‘Challenges’ for Jet2 hit parent’s profits
28.06.10
Fewer passengers using Leeds Bradford Airport based budget airline Jet2 dented profits at its parent company Dart Group plc. Chairman Philip Meeson described the year to March 31 as ‘reasonably satisfactory’ for the aviation and logistics group, in spite of challenging conditions for Jet2. While group turnover fell slightly from £439m the previous year to £434m, pre-tax profits fell by around a third from £33.5m to £22.2m, due to lower margins at Jet2 as a result of lower customer demand. Financial results for Jet2 are not pulled out from the overall group performance.
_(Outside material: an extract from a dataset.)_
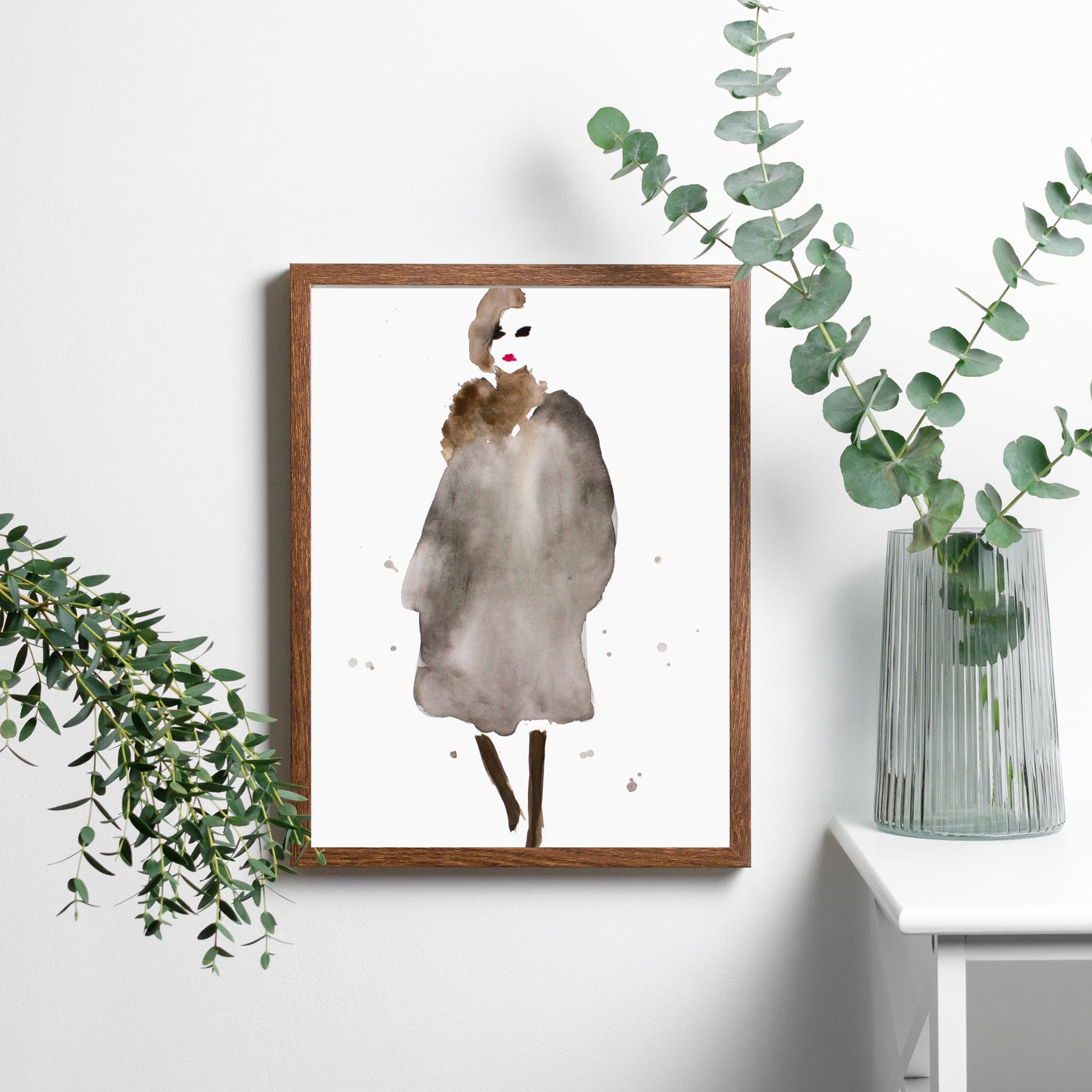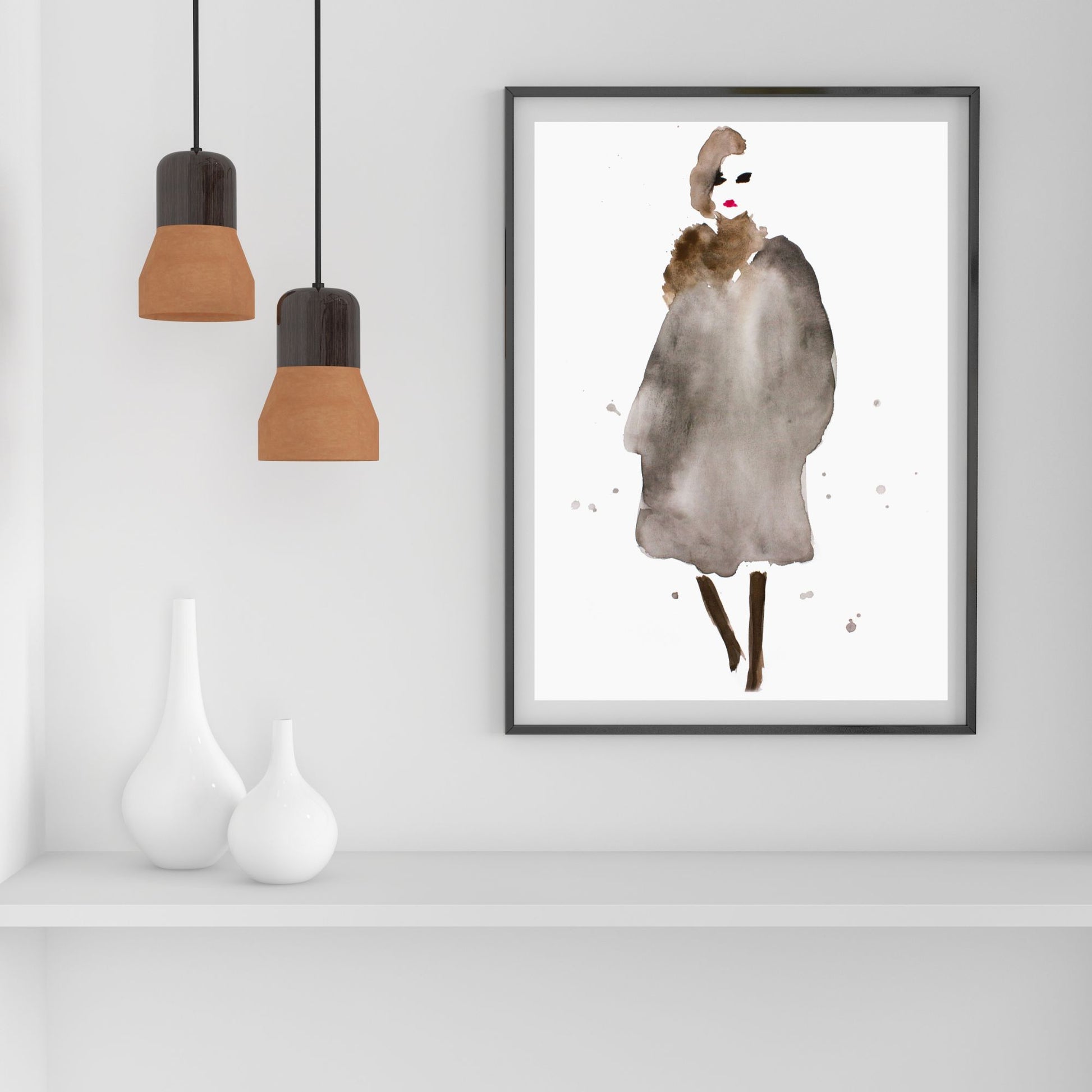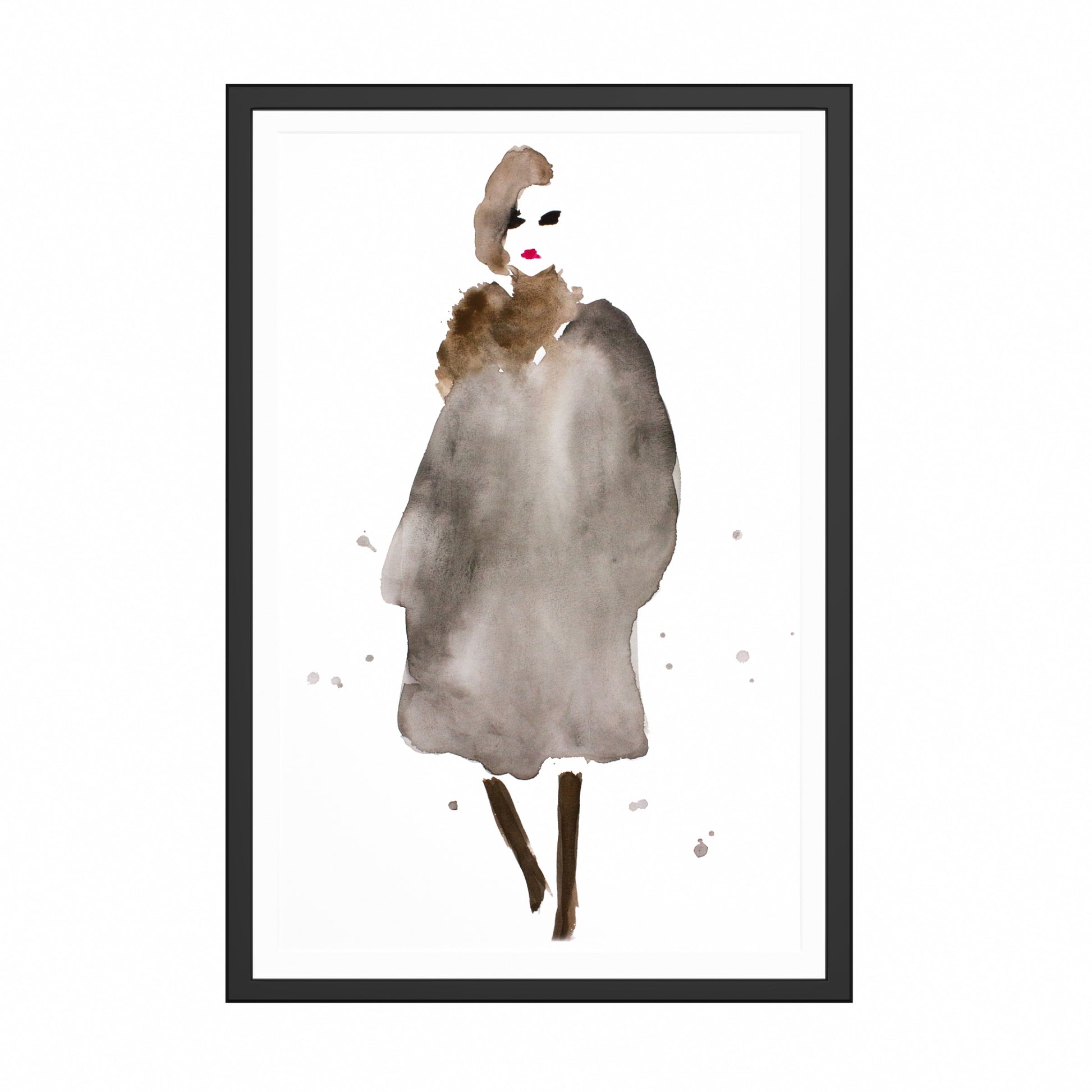 Her har jeg malt en dame kalt "Anna" med akvarellmaling. Varme brun- og gråtoner i antrekket med rød leppestift og sorte øyne.

Jet2 suffered from weaker customer demand for its passenger services, especially during the off-peak and winter months, with flights to skiing destinations particularly affected. Mr Meeson said early action was taken to reduce capacity and frequency in order to control potential losses. During the year, it carried more than 3.1 million scheduled and charter passengers, with load factors up two percentage points to 80% and yields (average fares) down.
The group’s expanding tour operator, Jet2holidays.com, sold more than 64,000 packages, and this was planned to grow substantially. Mr Meeson said: ‘With the contribution of passengers from Jet2holidays alongside our other income streams, we feel optimistic that, provided we are flexible, continue to innovate and offer really great-value fares, our aviation business will prosper.’